Exercise prompt: Could you print the listing again exactly, omitting the pictures?
*** Begin section ***
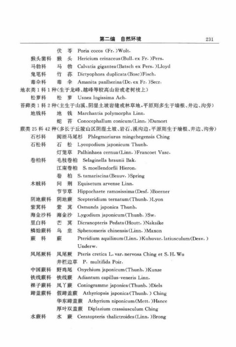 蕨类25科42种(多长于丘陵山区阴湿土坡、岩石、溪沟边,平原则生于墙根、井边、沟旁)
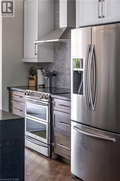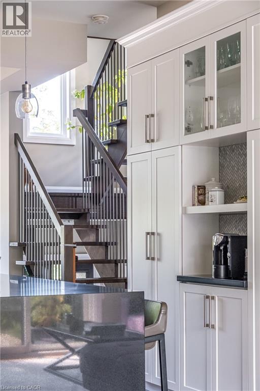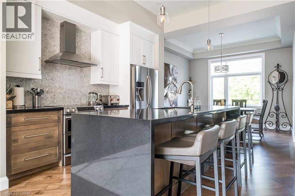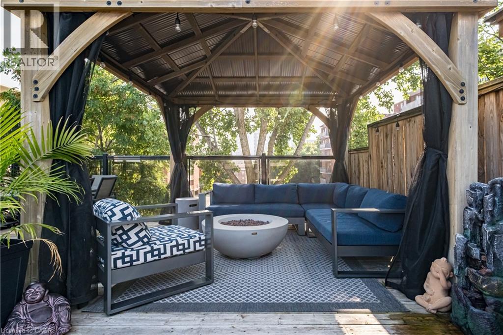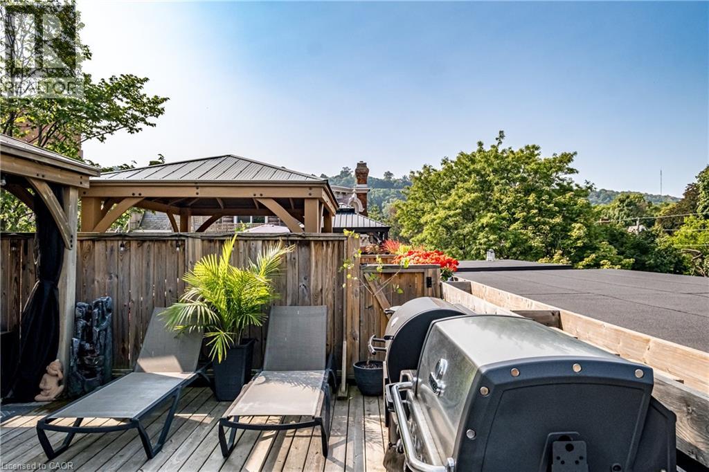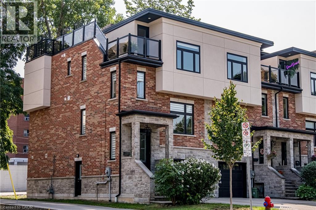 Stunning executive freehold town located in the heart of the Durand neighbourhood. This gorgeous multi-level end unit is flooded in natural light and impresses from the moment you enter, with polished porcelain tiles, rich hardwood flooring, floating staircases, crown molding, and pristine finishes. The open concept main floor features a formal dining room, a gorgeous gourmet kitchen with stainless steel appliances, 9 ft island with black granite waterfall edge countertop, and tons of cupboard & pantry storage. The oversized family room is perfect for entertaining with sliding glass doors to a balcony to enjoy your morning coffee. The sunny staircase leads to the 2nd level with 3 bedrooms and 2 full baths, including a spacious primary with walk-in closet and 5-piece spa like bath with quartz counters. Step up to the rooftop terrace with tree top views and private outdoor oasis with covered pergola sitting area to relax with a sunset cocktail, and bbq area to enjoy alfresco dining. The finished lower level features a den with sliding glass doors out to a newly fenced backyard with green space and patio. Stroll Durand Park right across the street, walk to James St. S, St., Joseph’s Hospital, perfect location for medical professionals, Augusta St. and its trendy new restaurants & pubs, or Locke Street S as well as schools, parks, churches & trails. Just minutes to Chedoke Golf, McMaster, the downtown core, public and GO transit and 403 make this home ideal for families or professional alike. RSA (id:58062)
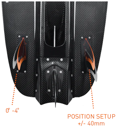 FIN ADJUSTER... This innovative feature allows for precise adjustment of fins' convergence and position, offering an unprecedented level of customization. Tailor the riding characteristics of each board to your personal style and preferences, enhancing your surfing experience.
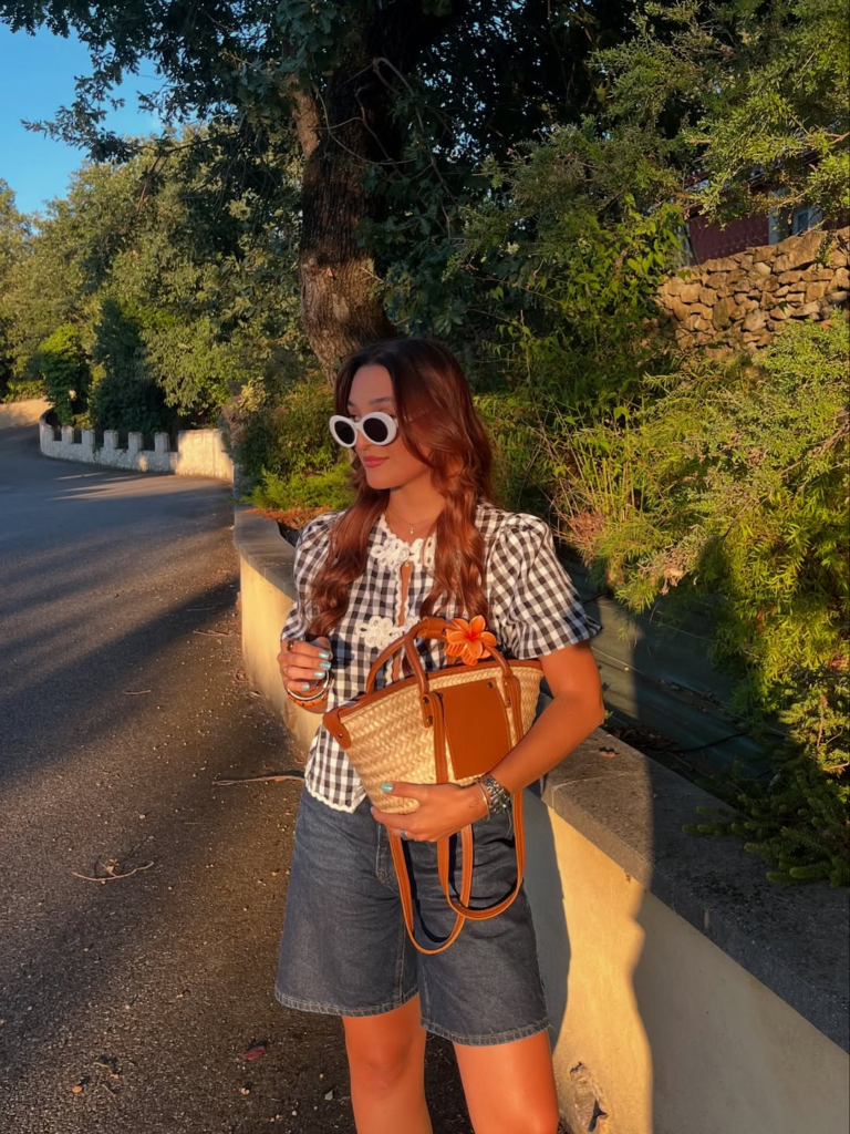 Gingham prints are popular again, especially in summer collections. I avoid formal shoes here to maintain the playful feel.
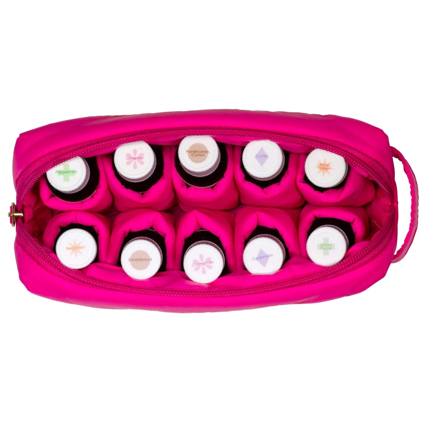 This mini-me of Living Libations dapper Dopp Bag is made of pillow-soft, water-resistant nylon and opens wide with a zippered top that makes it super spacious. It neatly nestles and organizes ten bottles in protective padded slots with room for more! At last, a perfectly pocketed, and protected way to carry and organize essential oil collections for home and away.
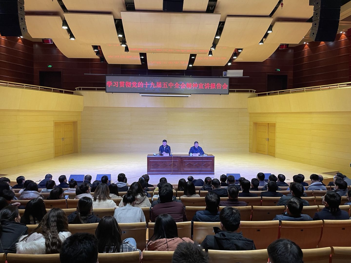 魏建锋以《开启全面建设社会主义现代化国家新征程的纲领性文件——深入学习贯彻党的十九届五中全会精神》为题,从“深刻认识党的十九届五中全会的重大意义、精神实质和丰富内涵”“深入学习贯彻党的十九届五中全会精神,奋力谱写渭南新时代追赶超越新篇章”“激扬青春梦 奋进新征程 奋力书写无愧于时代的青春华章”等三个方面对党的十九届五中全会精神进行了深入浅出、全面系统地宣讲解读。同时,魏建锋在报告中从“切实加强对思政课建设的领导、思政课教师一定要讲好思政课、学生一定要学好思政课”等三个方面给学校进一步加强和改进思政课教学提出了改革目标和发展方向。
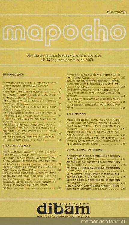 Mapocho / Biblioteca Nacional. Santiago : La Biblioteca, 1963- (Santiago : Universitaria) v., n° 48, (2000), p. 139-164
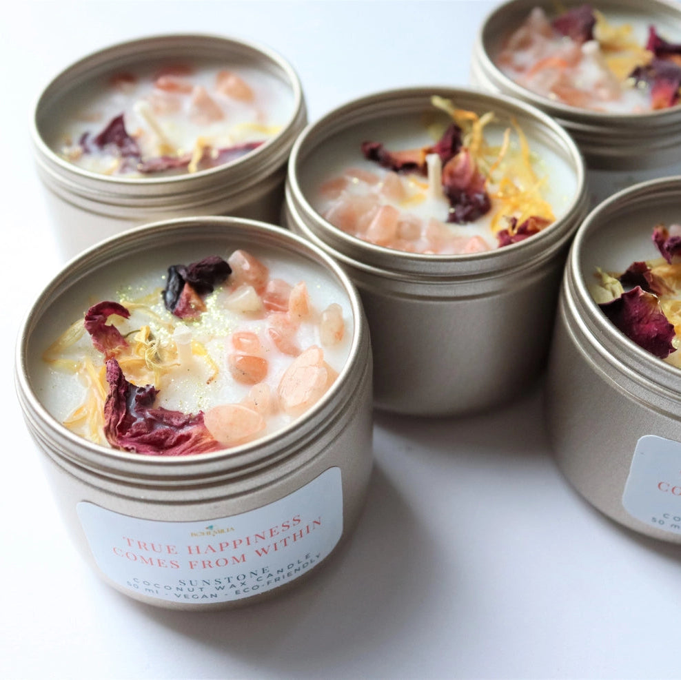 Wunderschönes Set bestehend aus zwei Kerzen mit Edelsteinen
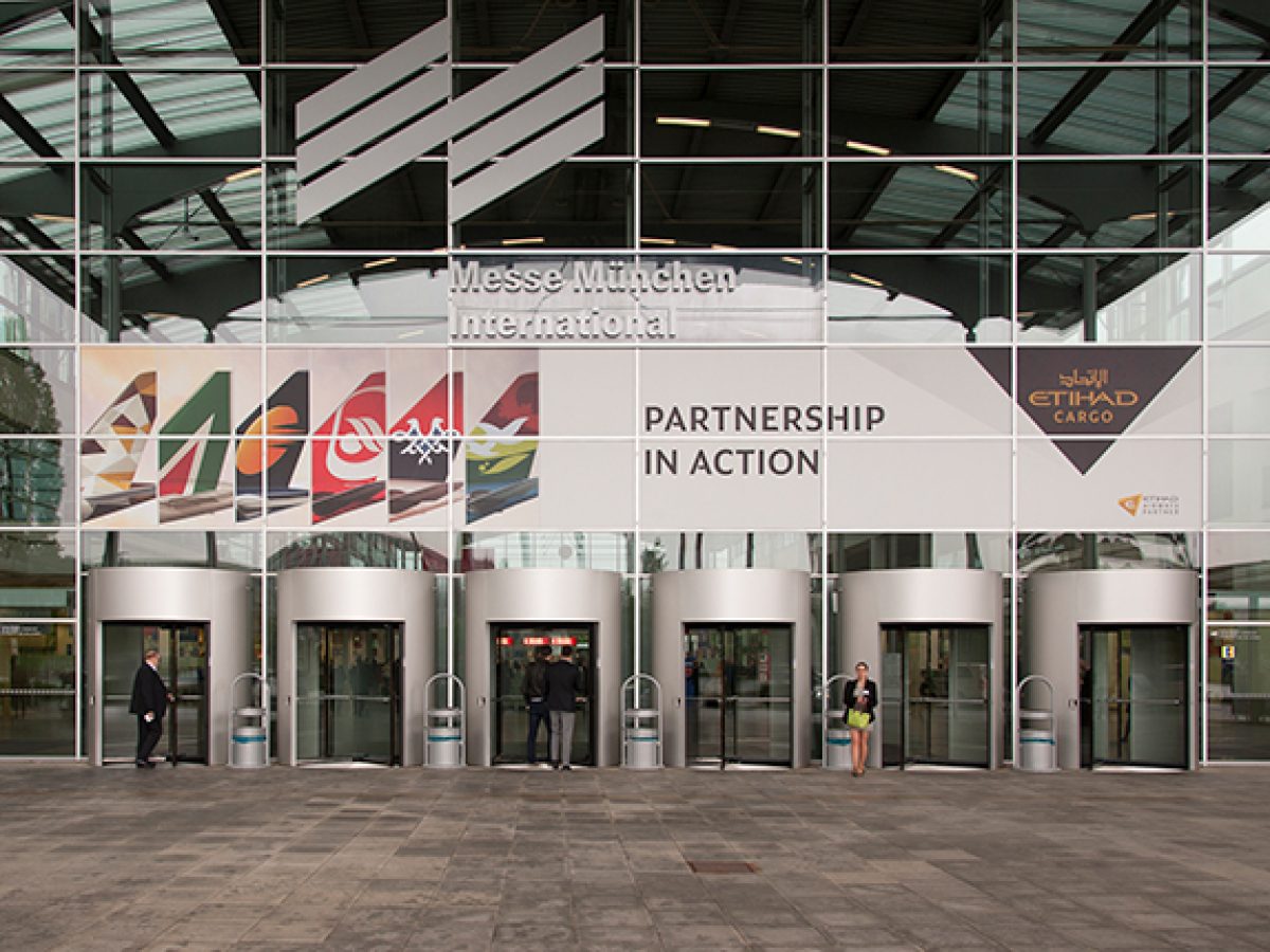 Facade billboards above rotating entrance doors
*** End section ***
Written solution:
 蕨类25科42种(多长于丘陵山区阴湿土坡、岩石、溪沟边,平原则生于墙根、井边、沟旁)
 Stunning executive freehold town located in the heart of the Durand neighbourhood. This gorgeous multi-level end unit is flooded in natural light and impresses from the moment you enter, with polished porcelain tiles, rich hardwood flooring, floating staircases, crown molding, and pristine finishes. The open concept main floor features a formal dining room, a gorgeous gourmet kitchen with stainless steel appliances, 9 ft island with black granite waterfall edge countertop, and tons of cupboard & pantry storage. The oversized family room is perfect for entertaining with sliding glass doors to a balcony to enjoy your morning coffee. The sunny staircase leads to the 2nd level with 3 bedrooms and 2 full baths, including a spacious primary with walk-in closet and 5-piece spa like bath with quartz counters. Step up to the rooftop terrace with tree top views and private outdoor oasis with covered pergola sitting area to relax with a sunset cocktail, and bbq area to enjoy alfresco dining. The finished lower level features a den with sliding glass doors out to a newly fenced backyard with green space and patio. Stroll Durand Park right across the street, walk to James St. S, St., Joseph’s Hospital, perfect location for medical professionals, Augusta St. and its trendy new restaurants & pubs, or Locke Street S as well as schools, parks, churches & trails. Just minutes to Chedoke Golf, McMaster, the downtown core, public and GO transit and 403 make this home ideal for families or professional alike. RSA (id:58062)
 FIN ADJUSTER... This innovative feature allows for precise adjustment of fins' convergence and position, offering an unprecedented level of customization. Tailor the riding characteristics of each board to your personal style and preferences, enhancing your surfing experience.
 Gingham prints are popular again, especially in summer collections. I avoid formal shoes here to maintain the playful feel.
 This mini-me of Living Libations dapper Dopp Bag is made of pillow-soft, water-resistant nylon and opens wide with a zippered top that makes it super spacious. It neatly nestles and organizes ten bottles in protective padded slots with room for more! At last, a perfectly pocketed, and protected way to carry and organize essential oil collections for home and away.
 魏建锋以《开启全面建设社会主义现代化国家新征程的纲领性文件——深入学习贯彻党的十九届五中全会精神》为题,从“深刻认识党的十九届五中全会的重大意义、精神实质和丰富内涵”“深入学习贯彻党的十九届五中全会精神,奋力谱写渭南新时代追赶超越新篇章”“激扬青春梦 奋进新征程 奋力书写无愧于时代的青春华章”等三个方面对党的十九届五中全会精神进行了深入浅出、全面系统地宣讲解读。同时,魏建锋在报告中从“切实加强对思政课建设的领导、思政课教师一定要讲好思政课、学生一定要学好思政课”等三个方面给学校进一步加强和改进思政课教学提出了改革目标和发展方向。
 Mapocho / Biblioteca Nacional. Santiago : La Biblioteca, 1963- (Santiago : Universitaria) v., n° 48, (2000), p. 139-164
 Wunderschönes Set bestehend aus zwei Kerzen mit Edelsteinen
 Facade billboards above rotating entrance doors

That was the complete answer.